CONSOLIDATED STATEMENT OF FINANCIAL POSITION

Review of the Group’s financial position as at 31 December 2017 as compared to 31 December 2016.

Non-current assets

Property, plant and equipment increased by approximately RM11.1 million, or 10.8% mainly due to the purchase of machinery and equipment as well as office equipment, furniture and fittings.

Leasehold land decreased by approximately RM0.3 million, or 2.4% due to the amortisation of the leasehold land.

Current assets

Inventories increased by approximately RM0.5 million, or 1.3% mainly due to the Group stocking up raw materials towards the end of FY2017 to fulfil sales orders due for delivery in the financial year ending 31 December 2018 ("FY2018").

Trade and other receivables of approximately RM29.5 million comprised trade receivables, receivables from related parties, deposit and other receivables. The increased in trade and other receivables by approximately RM10.9 million, or 58.4% was in line with the increase in sales.

Prepaid operating expense of approximately RM5.8 million comprised mainly of the expenses related to the IPO of the Company which will only be either expensed off to the income statement or capitalised in FY2018.

Current liabilities

Loans and borrowings comprised obligations under finance leases and short term trade financing. The increased of loans and borrowings by approximately RM3.7 million, or 78.5% was mainly due to the increase in the usage of short term trade financing towards the end of FY2017.

Trade and other payables of approximately RM30.6 million comprised trade payables, amount due to related parties and sundry payables. The increased in trade payable and other payable of RM6.3 million, or 26.0% was mainly due to the increase in purchase of raw materials to cater for the sales orders.

There were no derivative liabilities recorded as there were no outstanding forward currency contracts and cross currency swap as at the end of FY2017.

REVIEW OF THE GROUP’S CASH FLOW STATEMENT

The Group recorded net cash flows from operating activities of approximately RM45.0 million in FY2017 which was lower as compared to approximately RM43.1 million in FY2016 mainly due to the increase in the requirement for working capital.

The Group recorded net cash flows used in investing activities of approximately RM15.4 million mainly due to the purchase of new machineries with better features.

The Group recorded net cash flows used in financing activities of approximately RM47.5 million mainly due to the payment of dividends of RM55.0 million, net proceeds from loan and borrowings of RM3.5 million, and proceeds from issuance of ordinary shares of RM4.5 million.

Commentary

  1. In view that the Malaysian Ringgit has strengthened against United States Dollar recently, the Group has constantly engaged with its customers where the majority of its products will be based on new prices which reflect the latest exchange rates for the coming new orders.
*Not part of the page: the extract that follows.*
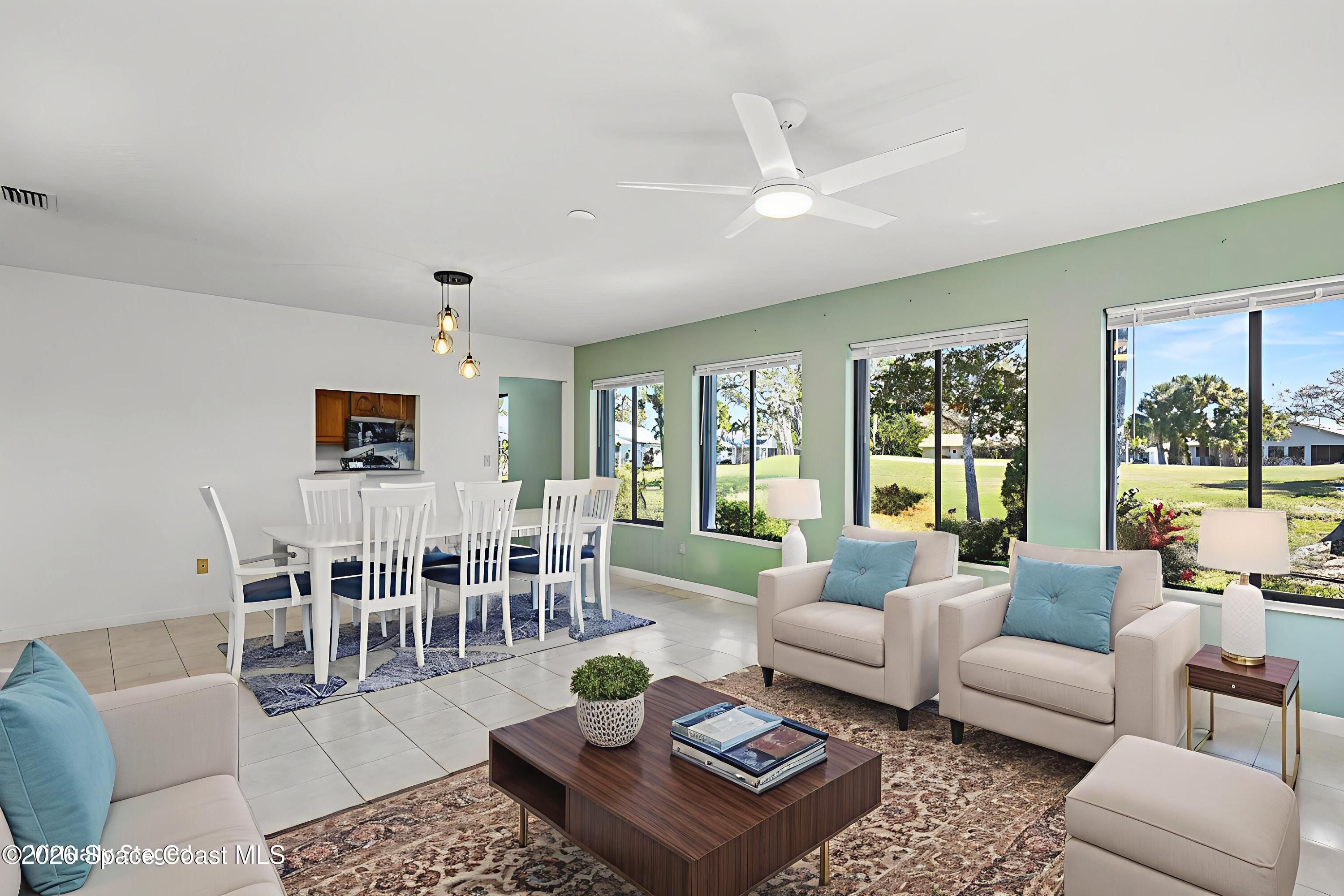Discover resort-style living in this charming Concord model, perfectly situated in a prestigious country club community offering top-tier amenities for an exceptional Florida lifestyle. Enjoy beautiful WATER and GOLF views, along with a newer roof (2022) for peace of mind. The spacious great room features vaulted ceilings, while the extended Florida Room provides additional space to relax or entertain. Highlights include an indoor laundry room, large walk-in pantry, split floor plan, and accordion shutters for storm protection. Nicely landscaped and move-in ready—schedule your private showing today! Home to over 600 military veterans, Indian River Colony Club is a private 55+ country club community offering a unique blend of camaraderie, comfort, and care. Residents enjoy an extensive home maintenance program and access to exceptional amenities, including an 18-hole golf course, fine dining with an executive chef, the casual 19th Hole restaurant and bar, fitness center, heated pool, tennis, croquet, bocce ball, shuffleboard, and more. This pet-friendly, gated community boasts over 60 social and activity groupsmaking every day feel like a vacation.

While the Group acknowledges that the unfavorable exchange rate may affect its financial results, the Group expects the impact, if any, of such exchange rate to be short term given the Group’s ability to adjust the products’ selling prices. In addition, the Group will continue to review its hedging policy from time to time.

  2. Raw material prices have continued to increase since its IPO, albeit at a lower rate of increase for most of the raw materials that are currently in use by the Group. The Group are cautiously optimistic that the situation will continue to improve over the next few months. Nevertheless, the Group will continue to strategise its position which includes (but not limited to) various negotiation techniques such as bulk purchases, early cash payment and etc.

  3. The Group has received the approval from Ministry of Home Affairs (Foreign Workers Management Division) on 4 January 2018 for the hiring of 486 foreign workers to work at its factories and warehouses. The Group has a time frame of one and a half years to hire these foreign workers over time to suit and plan its hiring needs in view of our expansion plans, taking into consideration also its improved production efficiencies which is expected in time to come.